Hoving Companies is a full-service waste management, recycling and dumpster rental company based in West Chicago. It also operates the only recycling facility in Chicago that is nationally certified by the Recycling Certification Institute.

This purchase is expected to increase LRS’ annual revenues to nearly $170 million and its workforce to more than 720 full-time employees. LRS now operates seven material recovery facilities throughout the Midwest.

The combined companies will now control nearly 20 percent of Chicagoland roll-off market and will be the second largest portable toilet business in Illinois, according to LRS. The acquisition also increases the amount of inbound waste under its control to nearly 2.2 million tons per year.

The acquisition is also a strategic buy for LRS: both companies have “zero landfill” policies. In its continued efforts to increase diversion rates, LRS last year opened a new $8.5 million material recovery facility, assisted by a Closed Loop Fund loan, that sorts 20 tons or material per hour. The company’s older facility sorted 20 tons per day.

After just six months of opening its new single-stream recycling facility, LRS said it is generating a profit — about $100 per ton in revenues from commodity sales — and expects to divert more than 1 million tons of material from landfill by 2025.

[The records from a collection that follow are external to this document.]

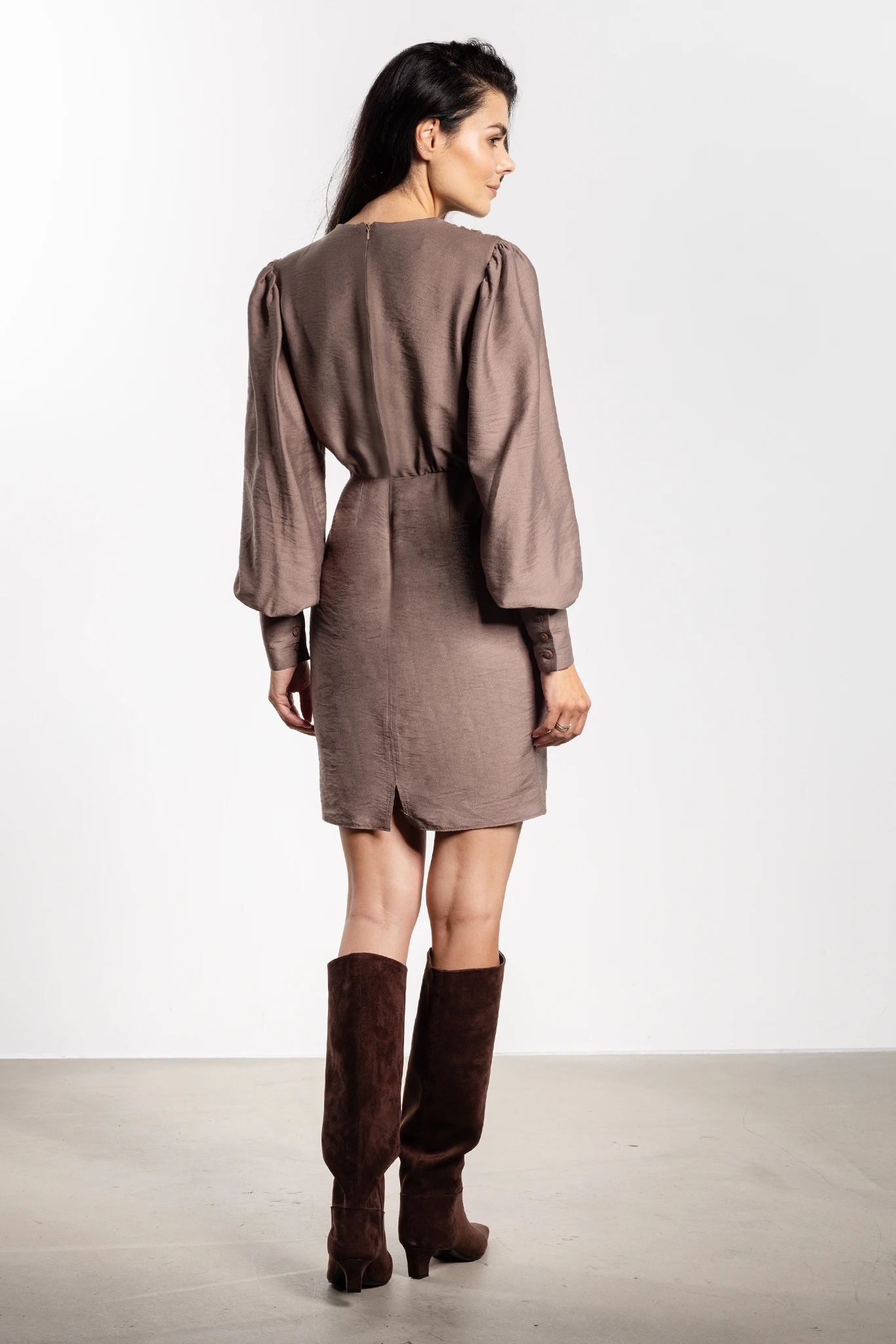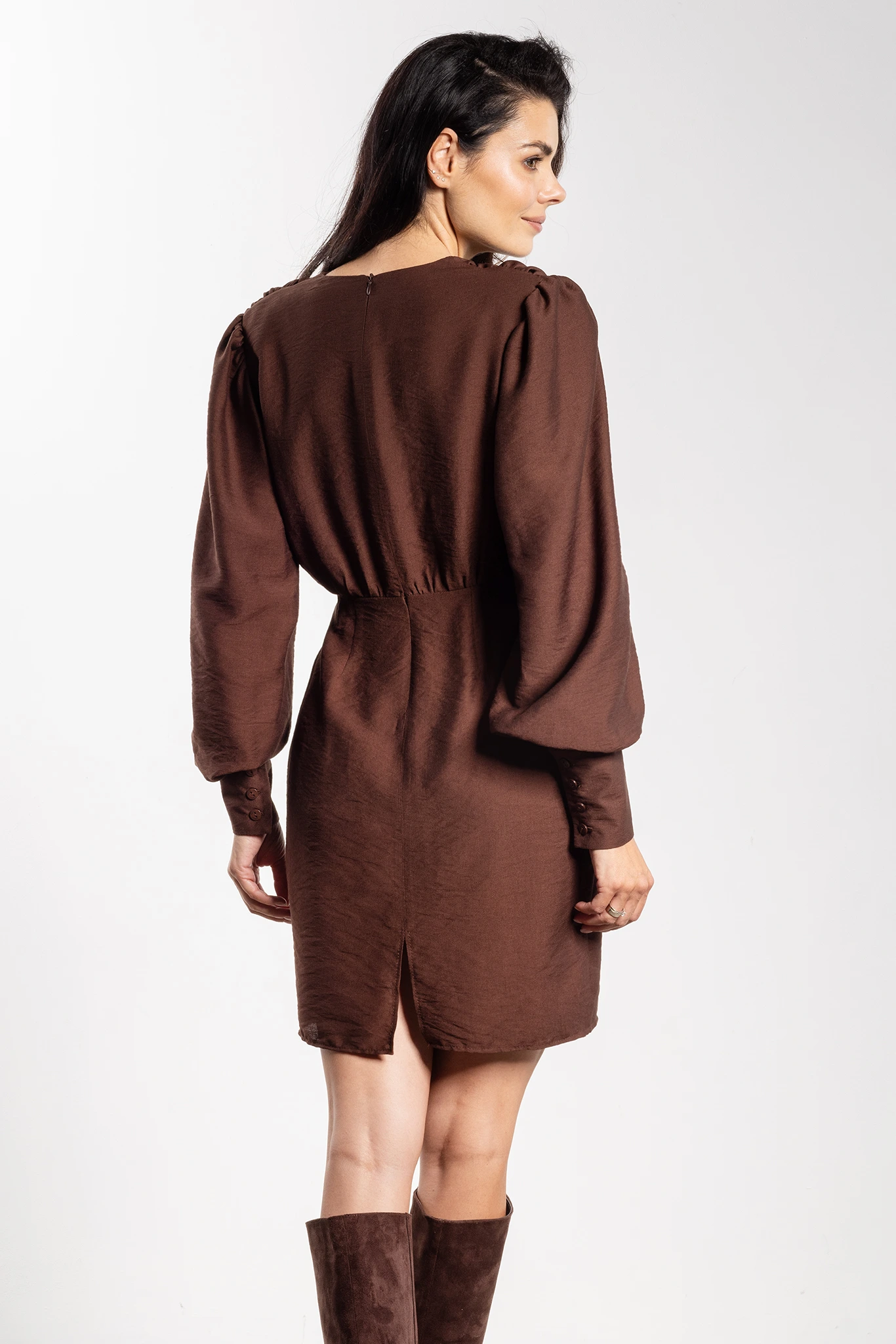Sukienka mini o eleganckim kroju jest świetnym wyborem na wiele uroczystych okazji. Dopasowana góra z głębokim dekoltem V subtelnie podkreśla linię biustu, nadając stylizacji kobiecego charakteru. Talia została zaakcentowana delikatnym marszczeniem, co optycznie wysmukla sylwetkę i nadaje jej proporcji. Długie bufiaste rękawy zakończone szerokim mankietem z guzikami dodają całości wyrazistego akcentu tworząc modny efekt. Długość mini eksponuje nogi, dzięki czemu sukienka sprawdzi się doskonale zarówno na eleganckie przyjęcia, jak i wyjątkowe okazje wymagające efektownej stylizacji.
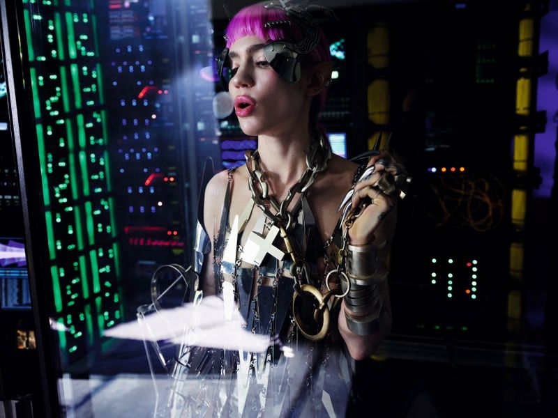 O rapper Bohan Phoenix posa em um piano, enquanto a foto do músico Grimes se passa em um cenário futurista. Adams, que tirou as fotos em Los Angeles, Capri e Canadá no último verão do Hemisfério Norte, também está presente.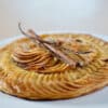 - Spread 250g green apple sauce onto the pastry and reserve in the refrigerator. Peel, core and cut apples into thin slices using a mandoline. Overlap apples slices very close to the edge. Fill the middle of the pie with apple scraps. Brush the first apple row with the cinnamon flavored butter. Make another row and season with the remaining butter sauce.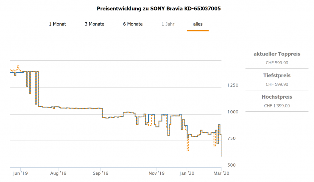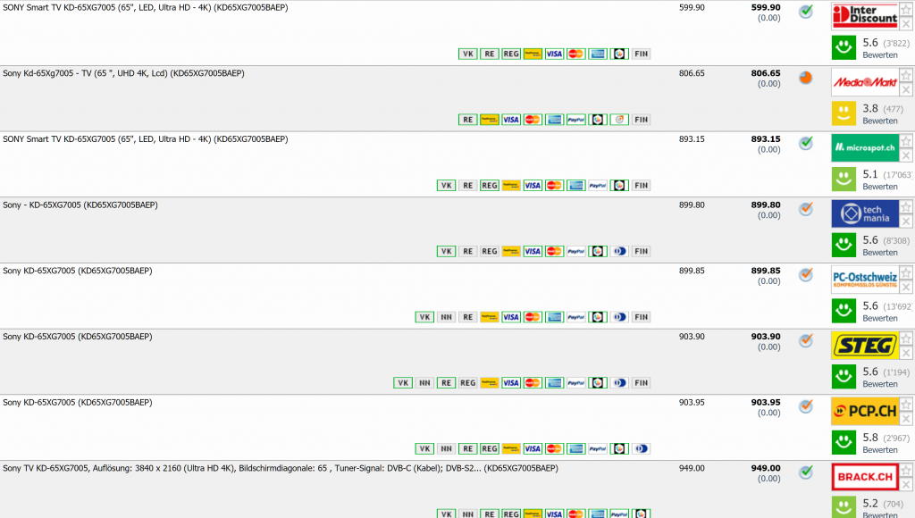 Bei Interdiscount gibt’s gerade den SONY Smart TV KD-65XG7005 (65″, LED, Ultra HD - 4K) für CHF 599.- Zweitbester Preis beträgt CHF 806.85 Bestpreis war laut toppreise bei CHF 658.75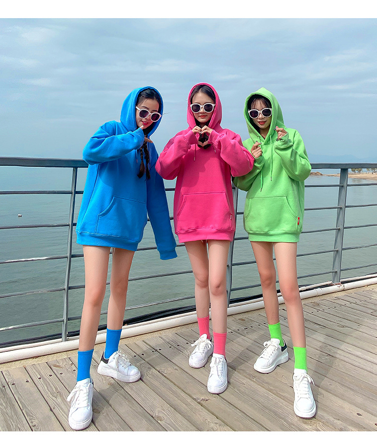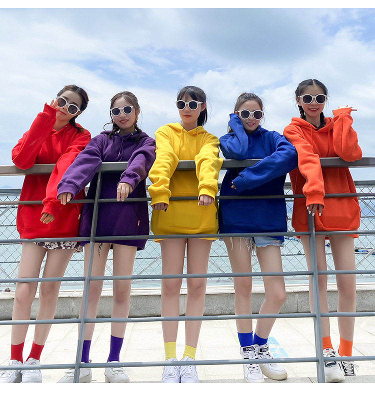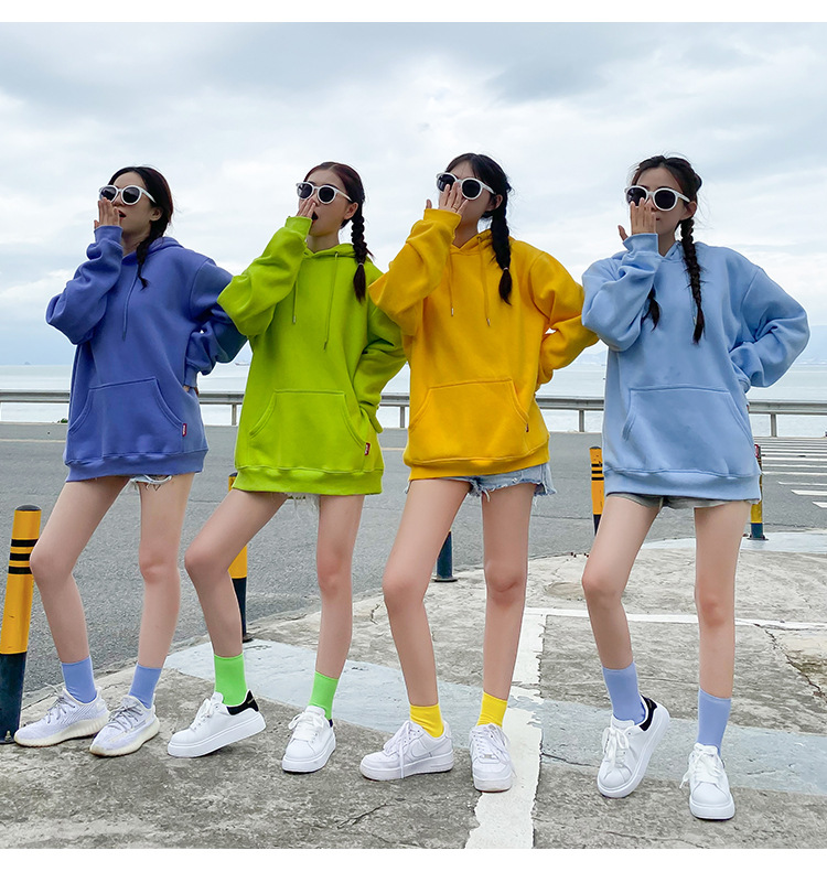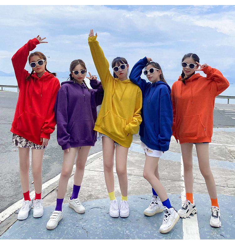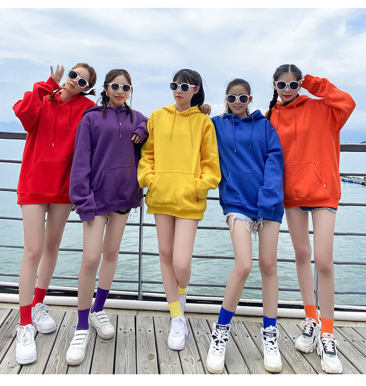 캔디 컬러 자매 커플 느슨한 후드 단색 스웨터 여자의 수업 옷 여자 친구 옷 그룹 여행 사진 재킷스토어 가기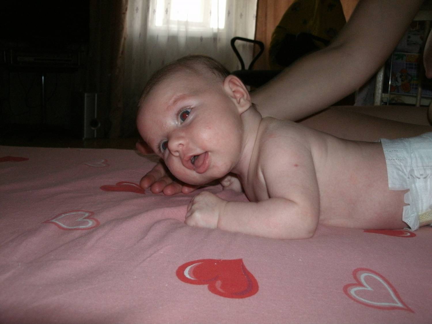 | Спасибо Quote (egozza) сынок у тебя на кровати лежит??лучше на твердое(типо стол,накрытый полотенцем или одеялком)проще ему будет упираться и поднимать голову. На нашем диване лежит, на котором мы спим. Диван так то твердый....чуть чуть мож проминается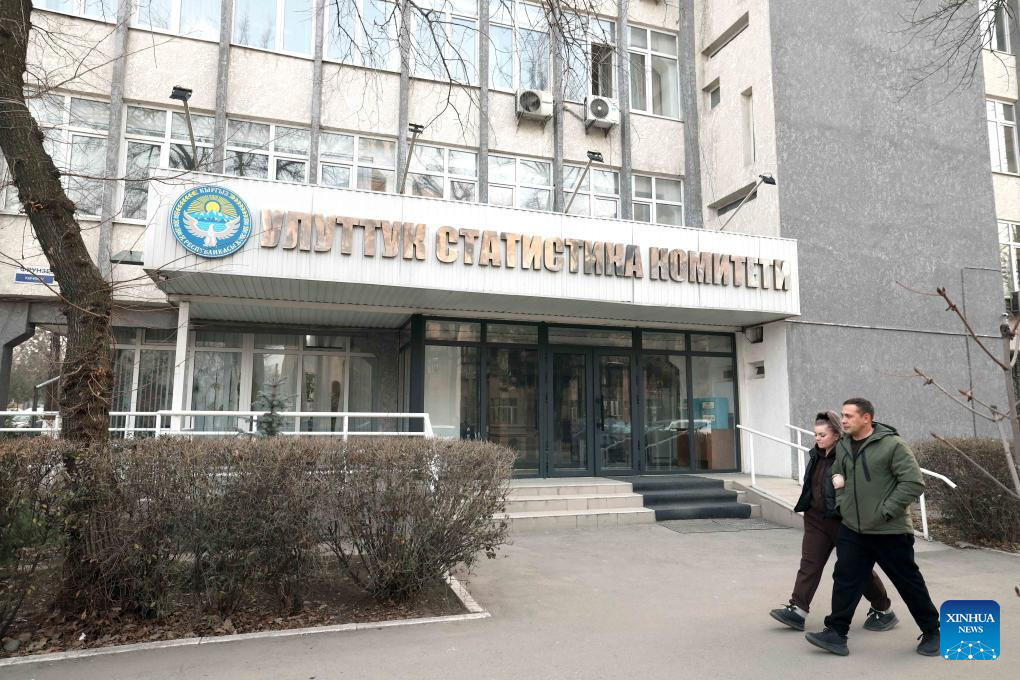 People walk past the building of the National Statistical Committee of the Kyrgyz Republic in Bishkek, Kyrgyzstan, Jan. 15, 2026. Kyrgyzstan's gross domestic product (GDP) surged 11.1 percent last year to reach 22.6 billion U.S. dollars, according to official data released on Monday. (Photo by Roman/Xinhua)

Also this week, Waste Connections acquired Groot Industries, an Illinois-based solid waste services company, for an undisclosed amount.

Waste Connections provides waste and recycling services to industrial, commercial and residential customers in 40 US states and Washington, DC, along with five Canadian provinces.

Groot says it is the largest privately owned solid waste services company in Illinois with annual revenue of about $200 million and about 300,000 customers. It owns six collection operations, six transfer stations and two recycling facilities.

Groot will use its name within its local markets and Groot executives Ryan Brandsma and John Groot will continue to lead the company.

As Waste Dive reports, since buying Progressive Waste Solutions in June 2016, Waste Connections has become one of the largest waste management companies in North America.

A year earlier, in late 2015, Waste Connections acquired Rock River Environmental Services, a waste and recycling company with total annual revenue of about $75 million. The River Rock acquired operations service 19 counties in central and northern Illinois and included five collection operations, two landfills, one compost facility, one transfer station and one recycling facility.

According to its most recent earnings statement, Waste Connections’ 2016 third quarter, which included $513.1 million from the Progressive Waste acquisition, was $1.085 billion, as compared to revenue of $547.9 million in the year ago period.

In a statement announcing the Groot acquisition, Groot and Brandsma said their company had also looked to acquire Rock River.